|A New "Worship Learning Lab" for Los Angeles Students
On Friday, November 19, 2010, over twenty HUC-JIR/Los Angeles rabbinical students and their significant others attended Kabbalat Shabbat services at Temple Israel of Hollywood. Following services, the students had Shabbat dinner with members of the clergy of Temple Israel of Hollywood, Rabbi John Rosove and Cantor Danny Masseng. They discussed how the Temple Israel clergy team works together to create joyful worship experiences. This visit is the first in a new program initiated by Rabbi Dvora Weisberg, Director of the School of Rabbinical Studies and Associate Professor of Rabbinics at HUC-JIR/Los Angeles. The program reflects Dr. Weisberg's belief that the Los Angeles area congregations can be a powerful "learning lab" for HUC-JIR students.
Rabbi Rosove stated, "Our hope in inviting the students to join us was for them to experience with us Kabbalat Shabbat and dialogue with us about how we crafted the service. We discussed many things at the dinner following services including how to create an emotional God-centered experience. To do this, we clergy meet every week to talk and vision together. We told the students that music is key and must always be beautiful, emotional, uplifting, and directed from and to the heart. We limit the spoken word in the service to very few group readings, poetry, vignette, short teachings, and a d'var Torah (short) based on the parashah. We do most of the service in Hebrew. We do not invite guests to speak at services as it is disruptive to the religious flow we are striving to create. All life cycle events (baby namings, aufrufs, conversions, etc.) occur at the very beginning so that once the service commences we can move forward naturally and without breaks. We invite guest speakers to address the congregation after services at the Shabbat dinner. We are 4 very different clergy - 3 rabbis and a chazzan - and we shared with the students how much we cherish each other as friends and colleagues, and how we celebrate our respective differences. We talked about the mutually respectful relationship of rabbi with chazzan as a clergy team."

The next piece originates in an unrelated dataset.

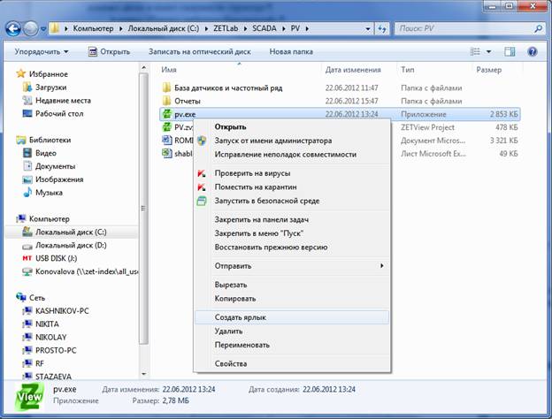 · исполняемый файл программы «PV. exe»,

Rebecca Reice, a rabbinical student at HUC-JIR/Los Angeles, wrote, "While I have attended services at Temple Israel of Hollywood before, this evening was different in a few ways. First of all, the clergy team has clearly been pushing for change (evident compared to past experiences) and we had the opportunity to ask them questions about that process. The clergy team were reflective in their responses and gave us a sense of both bigger picture they are striving toward and their personal feelings. It was wonderful to have the access to them in this way - however, at least one of their three rabbis has addressed a class or spoken at a lunch program every year since I started in LA. I have studied the TIOH day school, ECC, and religious school program. I have learned about their staff evaluation process and the work-life balance practiced by their rabbis. This evening was another piece of the TIOH professional picture - prayer/worship and temple culture. It reinforced the idea of building emotional/social capital before making changes. It was a lovely evening. We were welcomed into the community and the clergy team spoke personally and eloquently when addressing a variety of questions from students (representing all years of the rabbinic program in LA 2nd-5th). It was a unique gathering of our student community and a special opportunity for us to spend Shabbat together, not working, but worshiping and learning. It was quiet lovely."
Jake Singer-Beilin, a rabbinical and education student at HUC-JIR/Los Angeles, explained, "Seeing how Temple Israel of Hollywood's services worked and came together showed me what it can look like to have t'filah that is both intentional and creative. When I visit most synagogue services, I see the final product. This is valuable, but it is crucial to go beyond that as a future synagogue prayer leader. At Temple Israel of Hollywood, I was able to see not only the final product, but also hear about the process that created it and the rationale that led to it. Knowing what that process looked like will make me more able to go through a process of creating intentional t'filot wherever I end up serving as a rabbi."
Their next event, scheduled for March, will be a visit to the New Emanuel Shabbat Morning Minyan at Temple Emanuel of Beverly Hills. Community rabbis who are alumni of the College-Institute have generously agreed to host and discuss their work with our students.
Founded in 1875, Hebrew Union College–Jewish Institute of Religion is the nation’s oldest institution of higher Jewish education and the academic, spiritual, and professional leadership development center of Reform Judaism. HUC-JIR educates men and women for service to American and world Jewry as rabbis, cantors, educators, and nonprofit management professionals, and offers graduate programs to scholars and clergy of all faiths. With centers of learning in Cincinnati, Jerusalem, Los Angeles, and New York, HUC-JIR’s scholarly resources comprise the renowned Klau Library, The Jacob Rader Marcus Center of the American Jewish Archives, research institutes and centers, and academic publications. In partnership with the Union for Reform Judaism and the Central Conference of American Rabbis, HUC-JIR sustains the Reform Movement’s congregations and professional and lay leaders. HUC-JIR’s campuses invite the community to cultural and educational programs illuminating Jewish history, identity, art, and archaeology, and fostering interfaith and multiethnic understanding.